US 12,012,127 B2
Top-down view object detection and tracking
Subhasis Das, Menlo Park, CA (US); Benjamin Isaac Zwiebel, Burlingame, CA (US); Kai Yu, Burlingame, CA (US); and James William Vaisey Philbin, Palo Alto, CA (US)
Assigned to Zoox, Inc., Foster City, CA (US)
Filed by Zoox, Inc., Foster City, CA (US)
Filed on Jan. 31, 2020, as Appl. No. 16/779,576.
Claims priority of provisional application 62/926,423, filed on Oct. 26, 2019.
Prior Publication US 2021/0181758 A1, Jun. 17, 2021
This patent is subject to a terminal disclaimer.
Int. Cl. B60W 60/00 (2020.01); G01S 13/89 (2006.01); G01S 13/931 (2020.01); G01S 17/89 (2020.01); G01S 17/931 (2020.01); G05D 1/00 (2024.01); G06T 7/215 (2017.01); G06T 7/246 (2017.01); G06T 7/292 (2017.01); G06V 10/25 (2022.01); G06V 10/778 (2022.01); G06V 10/80 (2022.01); G06V 20/56 (2022.01); G06V 30/19 (2022.01); G06V 30/24 (2022.01)

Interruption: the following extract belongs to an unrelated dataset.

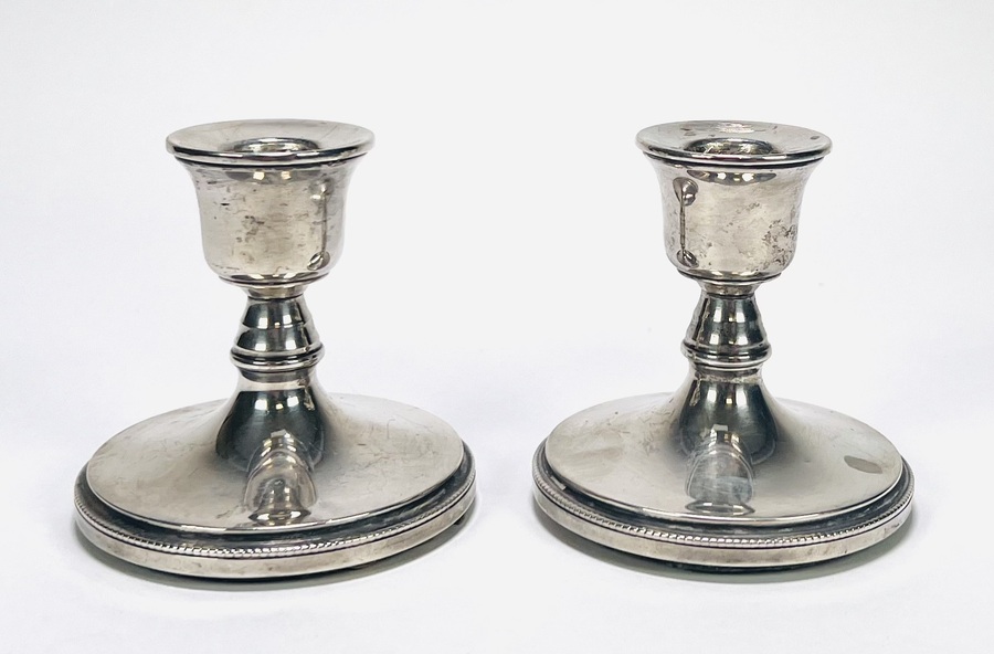 Paar zilveren kandelaars in neoklassieke stijl, uitgevoerd in 925/1000 zilver, gemerkt aan de onderzijde met 925, meesterteken, en INDUSTRIA ARGENTINA. Uitgevoerd met geprofileerde voet, gladde stam en groene vilten onderzijde. Datering midden 20e eeuw.

CPC B60W 60/0027 (2020.02) [G01S 13/89 (2013.01); G01S 13/931 (2013.01); G01S 17/89 (2013.01); G01S 17/931 (2020.01); G05D 1/0248 (2013.01); G06T 7/215 (2017.01); G06T 7/251 (2017.01); G06T 7/292 (2017.01); G06V 10/25 (2022.01); G06V 10/778 (2022.01); G06V 10/80 (2022.01); G06V 20/56 (2022.01); G06V 30/19147 (2022.01); G06V 30/19173 (2022.01); G06V 30/1918 (2022.01); G06V 30/2552 (2022.01); G01S 2013/932 (2020.01); G06T 2207/20081 (2013.01); G06T 2207/20084 (2013.01); G06T 2207/30241 (2013.01); G06T 2207/30261 (2013.01)] 19 Claims
OG exemplary drawing
 
9. A system comprising:
one or more processors; and
a memory storing processor-executable instructions that, when executed by the one or more processors, cause the one or more processors to perform operations comprising:
receiving first sensor data and second sensor data;
inputting the first sensor data to a first perception pipeline and inputting the second sensor data to a second perception pipeline;
receiving a first output from the first perception pipeline based at least in part on the first sensor data and a second output from the second perception pipeline, the first output and the second output identifying an object in an environment;
receiving a previous track associated with the object in the environment, the previous track identifying at least one of an estimated previous position of the object, a previous region of interest, or a previous velocity of the object;
inputting the first output, the second output, and at least part of the previous track into a machine-learning (ML) model;
receiving, from the ML model, a data structure comprising a region of interest, object classification, and a pose associated with the object, the pose indicating at least one of a position or a yaw associated with the object;
determining an updated track associated with the object based at least in part on the data structure, a current position, and at least one of the region of interest or the yaw associated with the object; and
updating, based at least in part on the data structure, one or more previous tracks by retiring the one or more previous tracks, wherein retiring the one or more previous tracks comprises indicating that the object associated with the one or more previous tracks has been occluded for a threshold amount of time.